* [Prompt] Retype, word for word, the line holding "Le CVT4K-S est" and each line after it down to the end of the data; pictures are not copied.
━━━ Available data ━━━
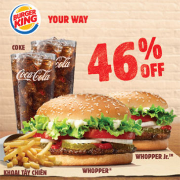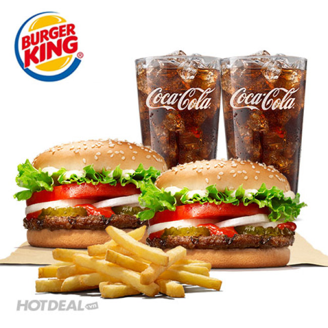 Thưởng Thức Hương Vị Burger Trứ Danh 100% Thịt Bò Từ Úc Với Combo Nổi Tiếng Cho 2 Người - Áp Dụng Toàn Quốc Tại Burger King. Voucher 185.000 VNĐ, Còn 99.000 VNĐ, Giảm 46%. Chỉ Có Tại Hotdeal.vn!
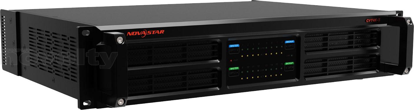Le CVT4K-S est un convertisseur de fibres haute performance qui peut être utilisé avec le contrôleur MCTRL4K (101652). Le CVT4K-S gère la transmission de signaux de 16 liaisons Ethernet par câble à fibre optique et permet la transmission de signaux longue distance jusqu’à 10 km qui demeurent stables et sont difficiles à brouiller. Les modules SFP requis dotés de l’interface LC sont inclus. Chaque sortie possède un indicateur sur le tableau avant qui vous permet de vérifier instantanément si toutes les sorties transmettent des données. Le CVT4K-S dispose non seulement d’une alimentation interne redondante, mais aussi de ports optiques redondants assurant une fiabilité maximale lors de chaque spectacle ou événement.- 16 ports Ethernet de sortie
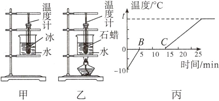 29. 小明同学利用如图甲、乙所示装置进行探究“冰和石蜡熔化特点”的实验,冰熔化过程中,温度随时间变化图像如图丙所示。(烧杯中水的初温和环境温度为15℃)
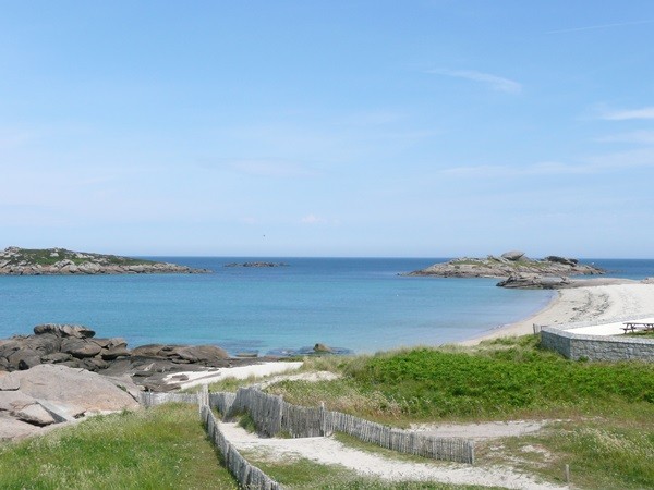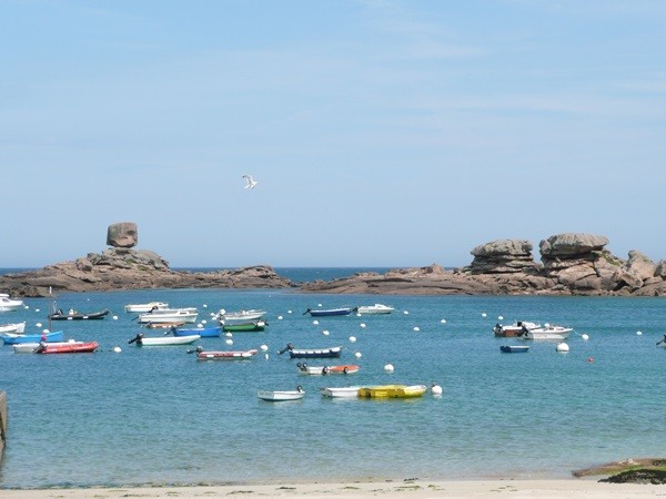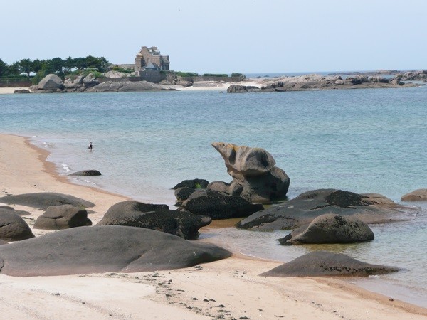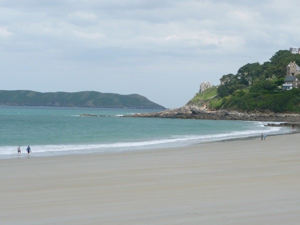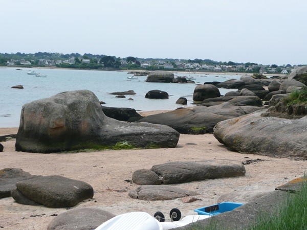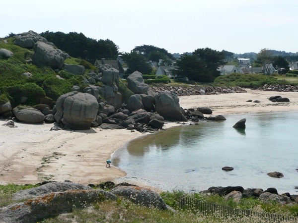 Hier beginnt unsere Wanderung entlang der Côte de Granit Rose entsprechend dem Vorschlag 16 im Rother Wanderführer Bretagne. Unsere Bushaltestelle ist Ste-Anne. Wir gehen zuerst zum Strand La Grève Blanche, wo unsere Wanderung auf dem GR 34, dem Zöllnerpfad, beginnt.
━━━
* [Solution]
Le CVT4K-S est un convertisseur de fibres haute performance qui peut être utilisé avec le contrôleur MCTRL4K (101652). Le CVT4K-S gère la transmission de signaux de 16 liaisons Ethernet par câble à fibre optique et permet la transmission de signaux longue distance jusqu’à 10 km qui demeurent stables et sont difficiles à brouiller. Les modules SFP requis dotés de l’interface LC sont inclus. Chaque sortie possède un indicateur sur le tableau avant qui vous permet de vérifier instantanément si toutes les sorties transmettent des données. Le CVT4K-S dispose non seulement d’une alimentation interne redondante, mais aussi de ports optiques redondants assurant une fiabilité maximale lors de chaque spectacle ou événement.- 16 ports Ethernet de sortie
 29. 小明同学利用如图甲、乙所示装置进行探究“冰和石蜡熔化特点”的实验,冰熔化过程中,温度随时间变化图像如图丙所示。(烧杯中水的初温和环境温度为15℃)
 Hier beginnt unsere Wanderung entlang der Côte de Granit Rose entsprechend dem Vorschlag 16 im Rother Wanderführer Bretagne. Unsere Bushaltestelle ist Ste-Anne. Wir gehen zuerst zum Strand La Grève Blanche, wo unsere Wanderung auf dem GR 34, dem Zöllnerpfad, beginnt.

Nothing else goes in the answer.